O
pai que entrega ou, por omissão, permite que o filho menor de idade
dirija seu carro não pode ser automaticamente condenado por homicídio
culposo. Para a Quinta Turma do Superior Tribunal de Justiça (STJ), não
se pode presumir a culpa nem implicar penalmente o pai pela conduta do
filho, em razão de responsabilidade reflexa.
O
menor dirigia bêbado quando causou acidente de trânsito que resultou em
uma morte. A primeira instância absolveu o pai por falta de provas, mas o
tribunal local o condenou como coautor de homicídio culposo no
trânsito. Ele também foi condenado pelo crime de entrega de veículo a
pessoa não habilitada.
Coautoria e participação
O
ministro Marco Aurélio Bellizze esclareceu que o Brasil adota a teoria
monista no concurso de agentes. Isto é: em regra, todos os agentes que
executam condutas que levam ao resultado típico são condenados pelo
mesmo crime.
Porém, essa teoria só vale para crimes
intencionais. Nos crimes culposos, não se admite a condenação por
participação. Partícipe é aquele agente que, sem praticar o fato típico,
auxilia, instiga ou induz o autor a cometer o crime. De modo diverso, o
coautor também executa o fato típico e pode ser condenado em crime
culposo.
O relator ressaltou que o concurso de
agentes exige dos envolvidos uma unidade de objetivos ou intenções. Nos
crimes culposos, isso é avaliado em relação à conduta pretendida - em
geral, lícita - e não ao resultado previsível - lesivo ao direito.
Culpa presumida
"A
culpa não se presume", alertou o ministro. "Deve ser demonstrada e
provada pelo órgão acusador. Da leitura das decisões proferidas pelas
instâncias ordinárias, verifica-se, num primeiro momento, que não há
qualquer elemento nos autos que demonstre que o pai efetivamente
autorizou o filho a pegar as chaves do carro na data dos fatos, ou seja,
tem-se apenas ilações e presunções, destituídas de lastro fático e
probatório", completou.
"Ademais, o crime culposo,
ainda que praticado em coautoria, exige dos agentes a previsibilidade do
resultado. Portanto, não sendo possível, de plano, atestar a conduta do
pai de autorizar a saída do filho com o carro, muito menos se pode a
ele atribuir a previsibilidade do acidente de trânsito causado",
acrescentou Bellizze.
Negligência e imprudência
Conforme
o relator, a culpa do pai e a do filho se referem a crimes distintos.

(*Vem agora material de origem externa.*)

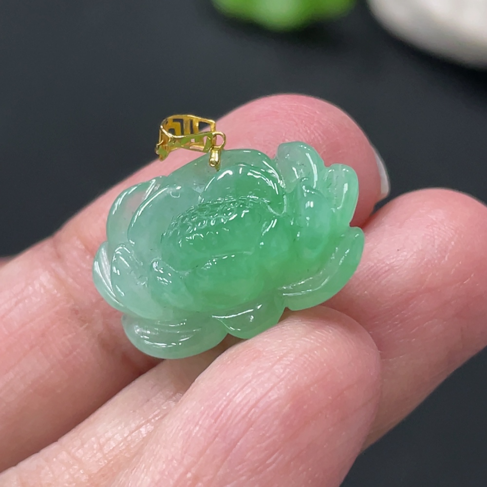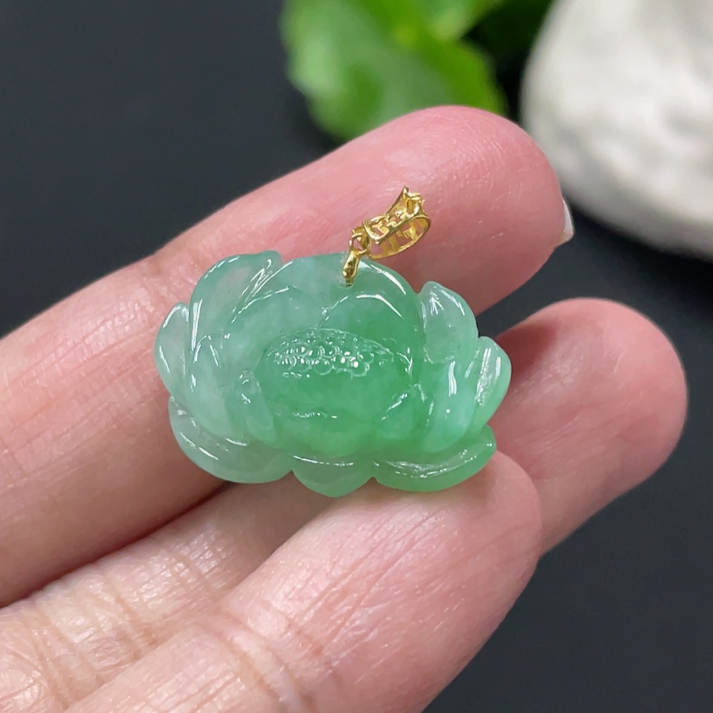 Jadeite Lotus Pendant Total Weight Approx. 3.38g 18k Gold Clasp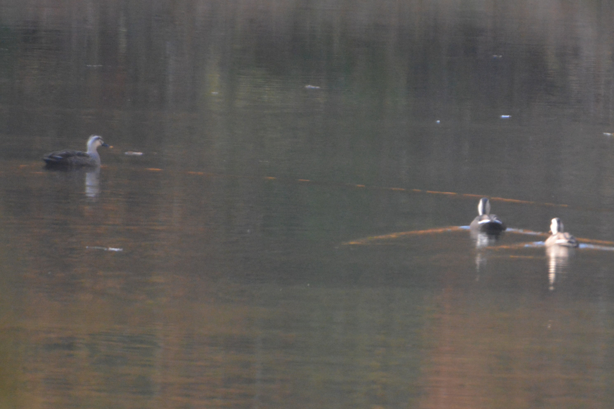 奥にはカルガモたち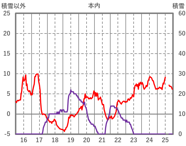 | 日 | 時 | 気温 | 降水 | 風向/風速 | 日照 | 積雪 | 降雪 |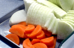 大根は銀杏切り、ニンジンは小さいときは半月に |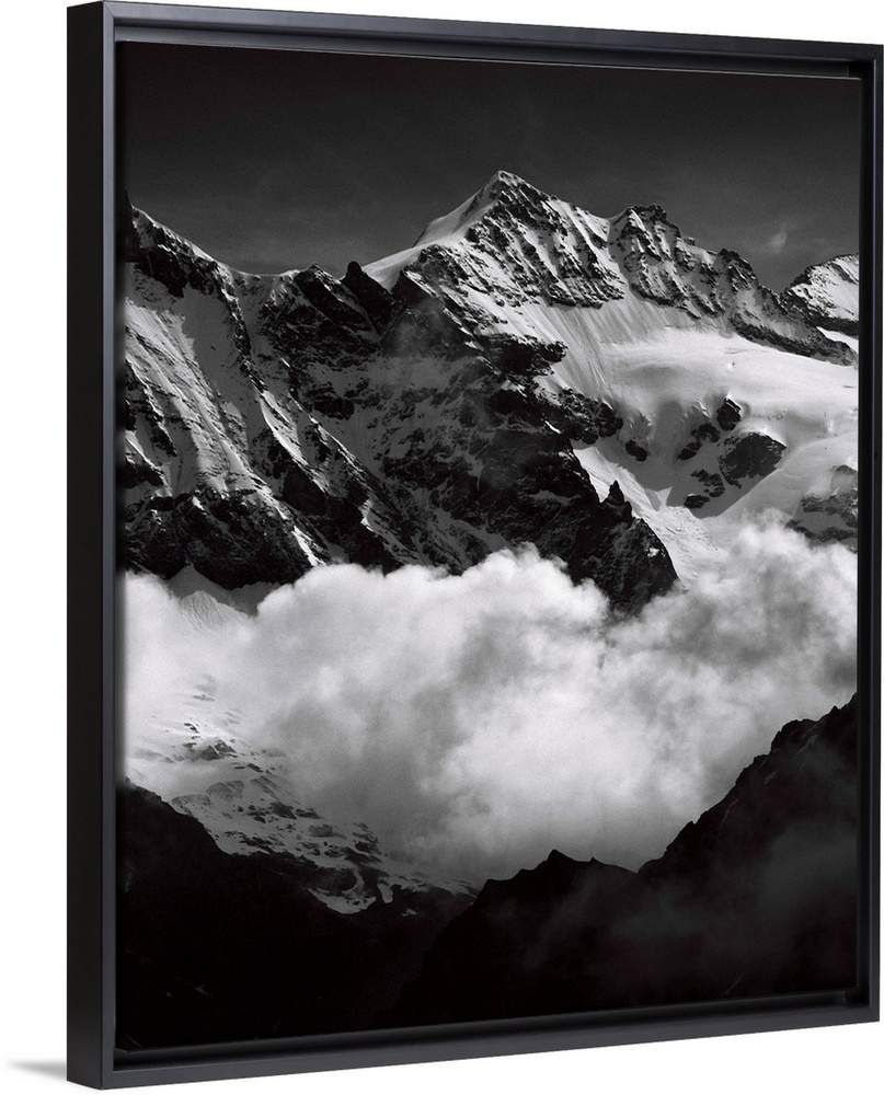 <p>Black and white photograph of mountain peaks surrounded by rolling clouds.</p>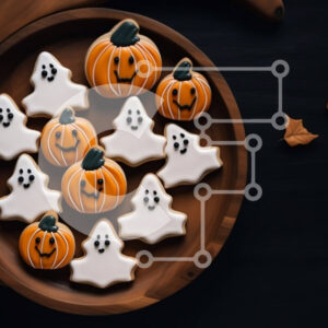 Intra Συλλεκτικό Ξύλινο Παζλ Plywood 4mm - Αποκριάτικα μπισκότα διακοσμημένα ως φαντάσματα και κολοκύθες Σε Ξύλινο Κουτί - Διαστάσεις: 10x10 cm – 25 κομμάτια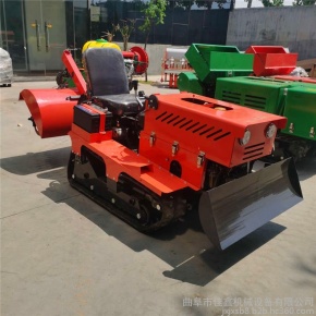 多功能 履带式开沟施肥机安装上不同的配件可以进行单独旋耕、回填、单独开沟、施肥、也可混合搭配使用。产品结实耐用,性能优越,操作方便.耐用:机身加厚,密,履带式行走,可进行原地转向。刀具都是加厚75号猛钢锻造,非常耐磨耐用,工作效率高.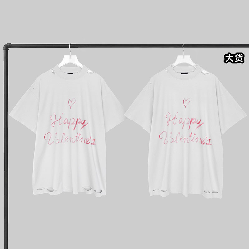- 이 제품은 발렌시아가 브랜드의 티셔츠로, 발렌타인 립스틱 그래픽이 디자인된 반팔 상의입니다.
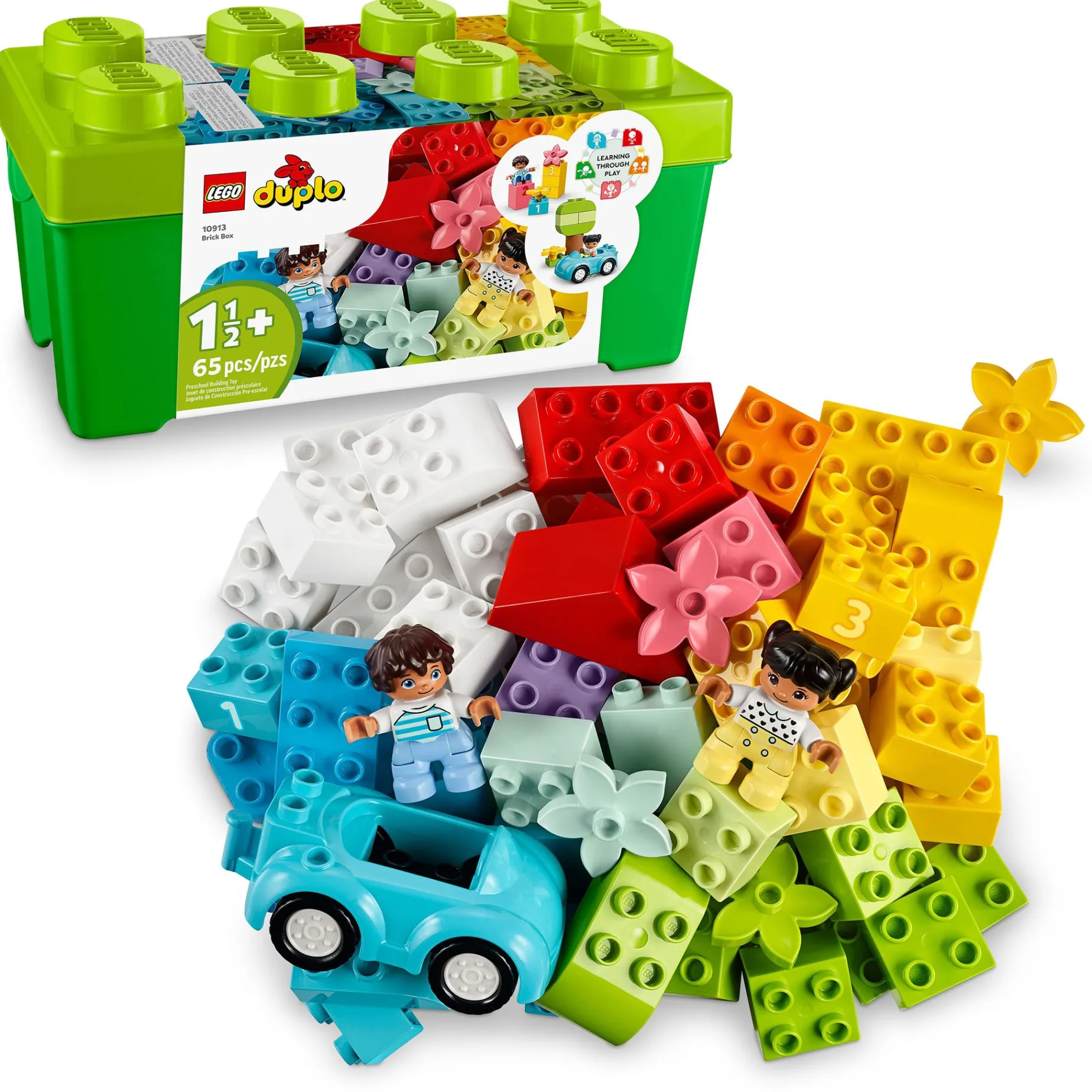 – Includes 65 colorful bricks plus familiar pieces to inspire young minds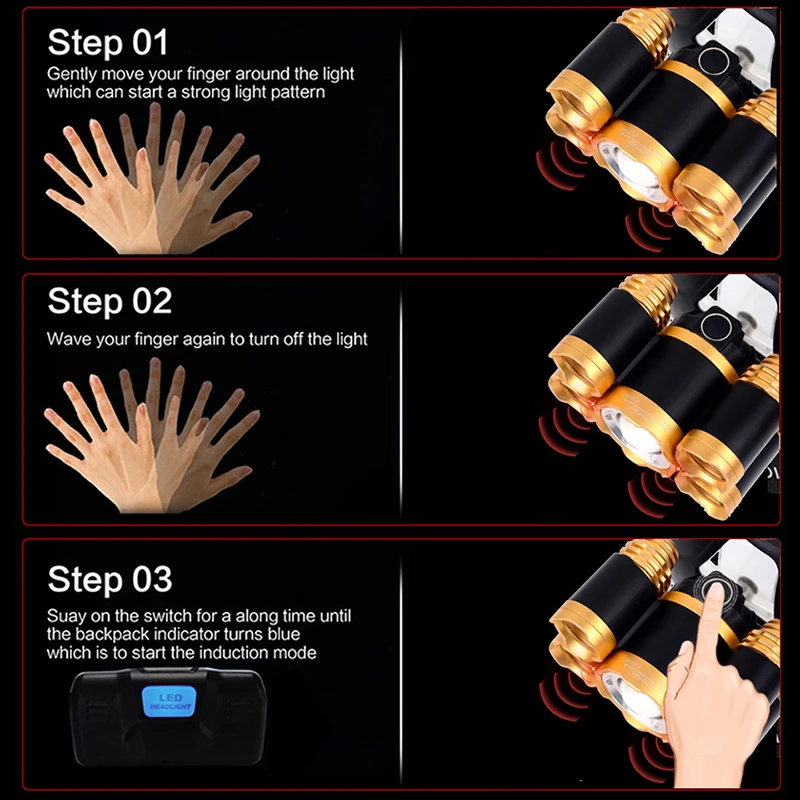 Особенности: -Внутренняя проводка применяет высокоэффективный усилитель цепи, рабочее напряжение широкое и может использовать батареи в большой степени -Один кнопочный переключатель, с 4 регулируемыми режимами -Светодиодная индикация зарядного адаптера для включения/зарядки/полной зарядки -Идеальный налобный фонарь подходит для активного отдыха, например, кемпинга, Путешествий, Походов и т. д. -С регулируемой базой для удобного использования -Питание: 1 или 2 аккумулятора 18650 -Переключатель датчика Wit Перезаряжаемый налобный фонарь:Количество светодиодов: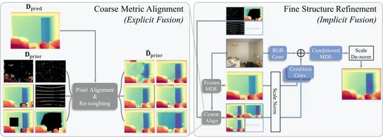 该方法通过粗到细的流程,先用像素级度量对齐将深度预测与先验融合,再利用条件化单目深度估计模型(conditioned-MDE)优化结果。

"O pai foi negligente na guarda das chaves do veículo e o filho foi
imprudente ao dirigir automóvel sem habilitação após ingerir bebida
alcoólica", avaliou o relator.
"Não é possível, a
não ser de forma reflexa, atribuir-se ao pai a imprudência imprimida
pelo menor na direção do veículo, pois nem ao menos é possível
concluir-se que a conduta do filho tenha entrado na sua esfera de
conhecimento", concluiu.
Pela decisão, foi
restabelecida a absolvição quanto à coautoria de homicídio culposo no
trânsito, mas mantida a condenação pela entrega de veículo a menor.